We performed two distinct viability assessments. Both experiments started by placing the randomly collected embryos from each considered line, either individually (first experiment) or in groups of five (second experiment), in 24-well plates on a standard medium. During the first evaluation involving all three lines, the focus was on monitoring the overall embryonic development, and for this purpose, each well was regularly inspected until second or third instar larvae were noticed and phenotypically scored. In the second round of experiments, we focused on the surveillance of mutant homozygous individual development and used only the CG18135-P{lacW}/GFP line. The surviving non-GFP larvae from each initial group of five embryos were removed and individually placed in 48-well plates containing standard medium and then inspected at least two times a day during their larval and pupal development. The rare adult individuals that emerged from the puparium were phenotypically scored and pictured, and short videos were taken.
2.3 Gene expression experiment
The relative gene expression of CG18135 was measured in 50-h-old adult female flies and male flies from the CG18135-P{lacW}/TM6B mutant line and the CantonS control line. Biological triplicates consisting of 20 flies from each sex were treated for RNA stabilization using the DNA/RNA Shield Kit, and then RNA extraction was achieved using the RNeasy Mini Kit (Promega). cDNA conversion was performed by combining the SuperScript II Reverse Transcriptase (Invitrogen) with the Reverse Transcription System Kit (Promega) using random primers and adjusting the RNA volumes based on RNA concentrations.

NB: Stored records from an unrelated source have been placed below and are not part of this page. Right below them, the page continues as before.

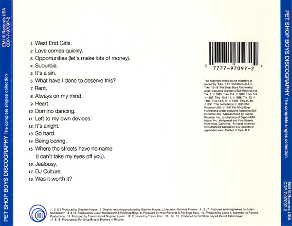 Купить CD диск Pet Shop Boys - Discography (The Complete Singles Collection) в Москве с доставкой по России.
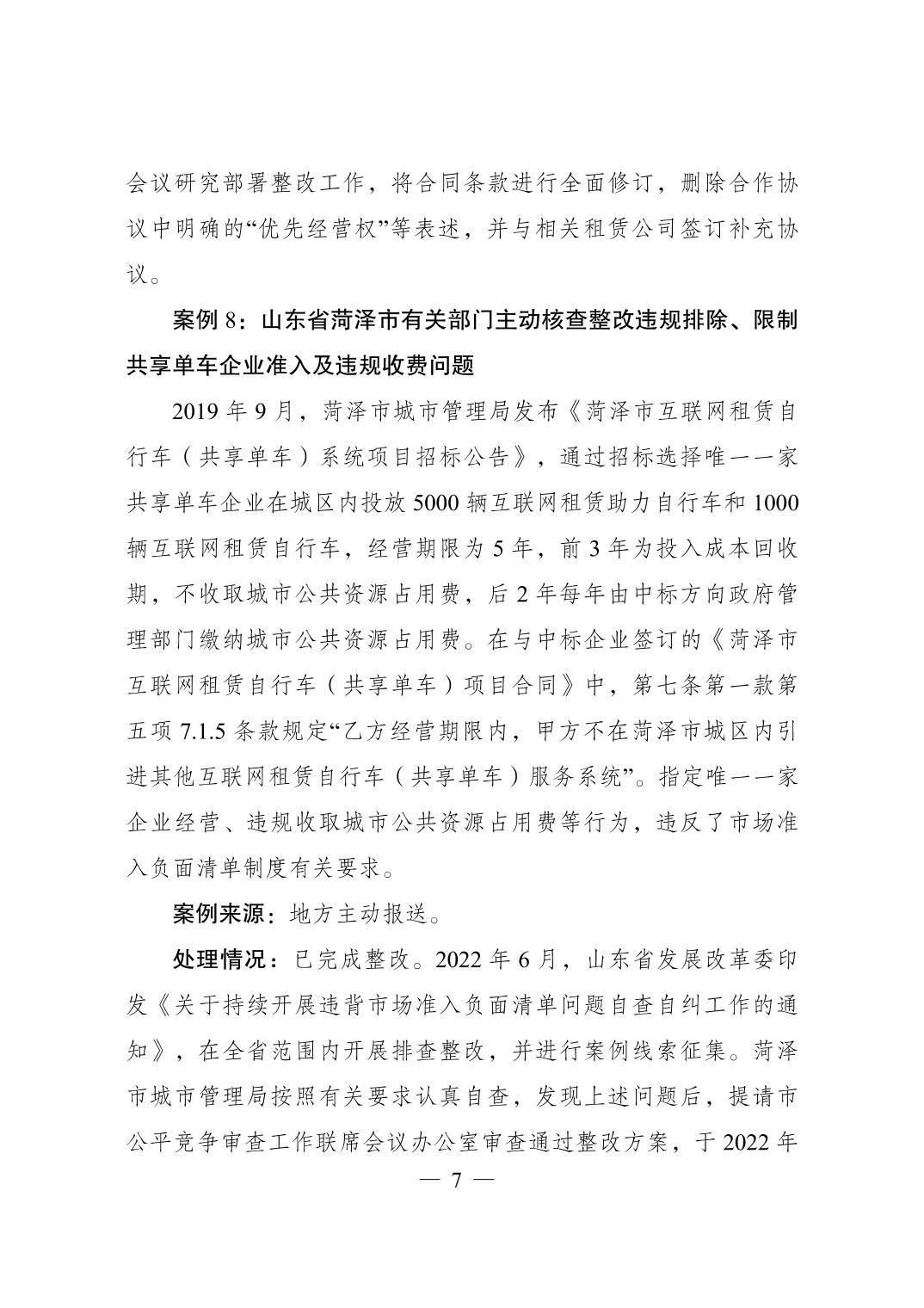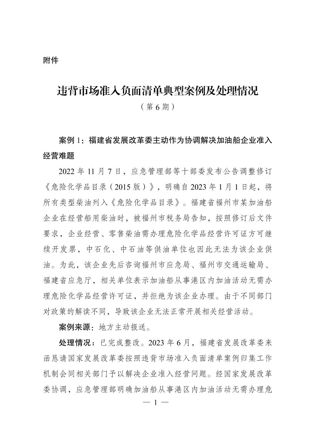 附件:违背市场准入负面清单典型案例及处理情况(第6期)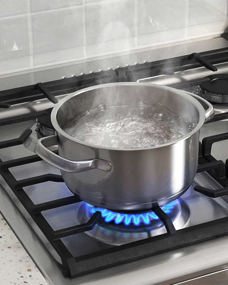 Cocina sin preocuparte por el riesgo de fugas de gas peligrosas. Un sistema de bloqueo de seguridad doble tiene una válvula de 2 capas que evita que el gas se filtre accidentalmente dentro del horno o en la placa de cocción. Y un sensor de termopar detecta rápidamente si la luz piloto del horno no está encendida y cierra la válvula de suministro de gas.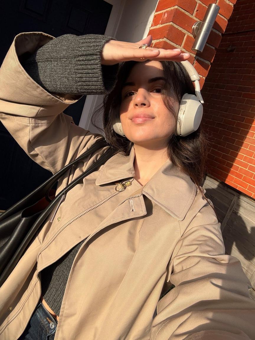 Outerwear matters at this time of year, as it’s the thing you wear the most often. The Kennedy Showerproof Jacket from Barbour is a staple. It’s practical enough for sudden drizzle, but chic enough to wear with trainers (New Balance, always) or loafers while running errands. I’m equally devoted to the Coach Lana bag all year round, it’s roomy enough for my Kindle, notebook and headphones, and versatile enough to carry me through any day, any season.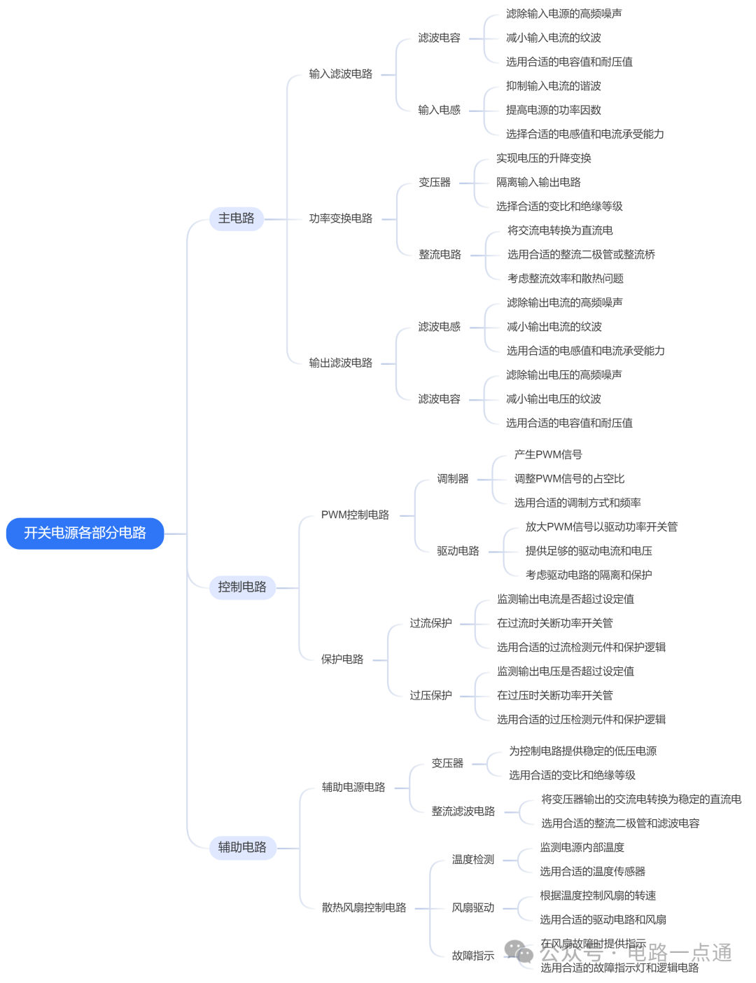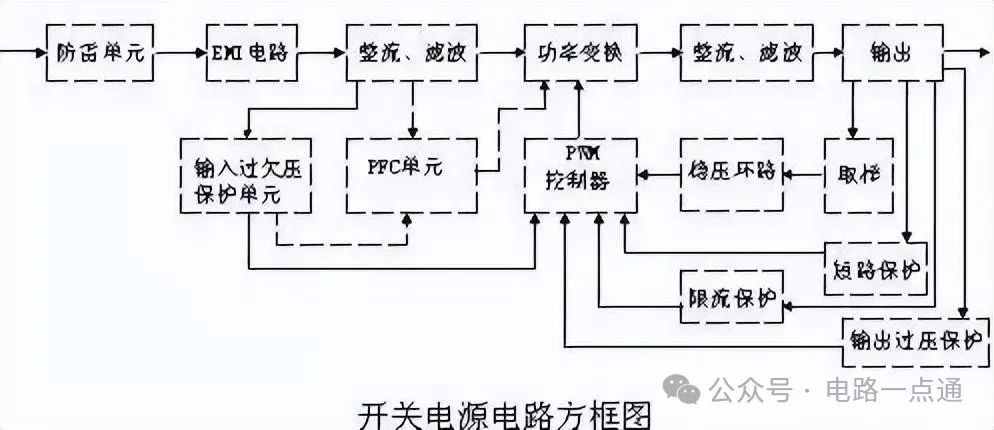 开关电源的主要电路是由输入防雷电路、EMI铝箔电路、桥式整流滤波电路、主电路(功率变换电路)、PWM控制器电路(现在一般是采用芯片输出)、输出整流滤波电路、反馈电路组成。辅助电路有输入过欠压保护电路、输出过欠压保护电路、输出过流保护电路、输出短路保护电路等。

qRT-PCR amplifications were done in technical triplicates using the SYBR Green ROX qPCR Master Mix Kit (QIAGEN) with newly designed CG18135 primers (Table 1) and available RpL32 endogenous primers (Fiumera et al., 2005). Each qRT-PCR reaction tube contained 20 ng of cDNA, 0.5 µM of primers (for each forward/reverse primer), 1X master mix solution, and PCR-grade water up to 20 µL of the final reaction volume. The cycle threshold (Ct) values were detected at a fluorescence threshold Rn = 0.2 (raw Ct data are available in Supplementary Material S1).

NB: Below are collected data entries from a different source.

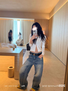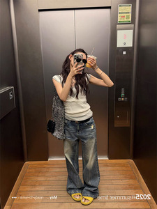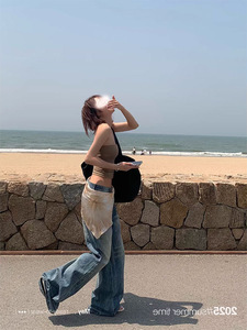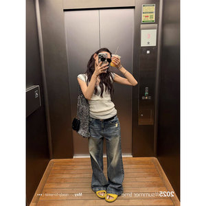 SUNONEONE ルーズリップドワイドレッグジーンズ女性のための夏 2025 新しいアメリカンレトロストレートカジュアルパンツ
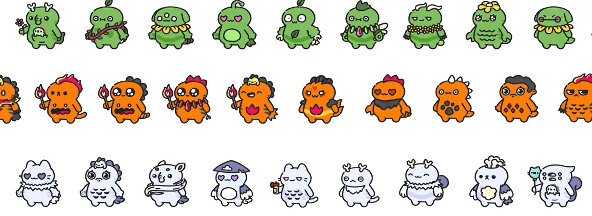 There are over 17 million total unique combinations of Pets, with more than 4 million combinations possible in each element! The cool and cute combinations are nearly endless.
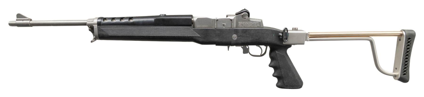 BUTLER CREEK FOLDING STOCK. Cal. 223 Rem. S# 185-69960. Bbl. 18 1/2" with banded serrated blade front sight and factory receiver sight at rear. Mfg. 1989 as Model 01805 with hardwood carbine stock that has been replaced with a Butler Creek folding stock; standard black Ruger fiberglass handguard. MAGS: 1 factory 5 rd. CONDITION: all aspects near excellent including bore. (25-6041/NW). MODERN. $750-1,000.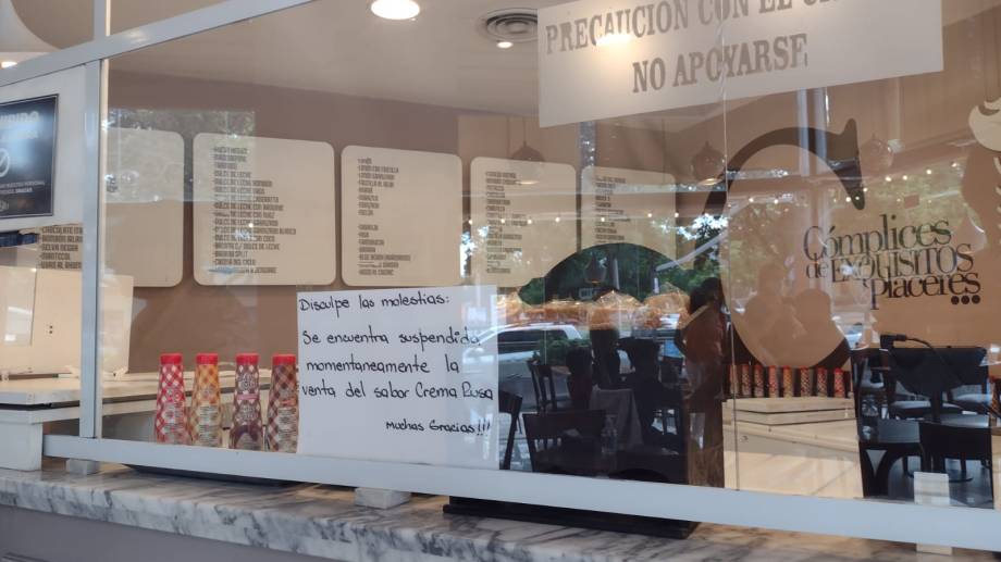 «Disculpe las molestias, se encuentra suspendida momentáneamente la venta del sabor crema rusa. Muchas gracias», fue el cartel que llamó la atención de los vecinos.

Table 1. Characteristics of the primers used for gene expression analysis with qRT-PCR. The primers’ melting temperatures were provided by Integrated DNA Technologies for CG18135 and Eurogentec for RpL32.
2.4 Data analysis
Microsoft Excel was used for data manipulation of raw Ct values collected from the qRT-PCR experiment. Statistical analysis of the data collected during the viability experiments was performed using either Microsoft Excel, RStudio Desktop (version ≥4.2.0), or GraphPad Prism 8.0.2 for Windows (GraphPad Software, Boston, Massachusetts, United States, www.graphpad.com). For the gene expression data analysis, we implemented the Livak formula (Livak and Schmittgen, 2001). Statistical testing on 2−ΔCt values and the relative expression fold change (FC) were evaluated using the R application qDATA (https://github.com/A-Ionascu/qDATA). Graphical representations were created using GraphPad Prism. Statistical significance was considered at a p-value ≤0.05.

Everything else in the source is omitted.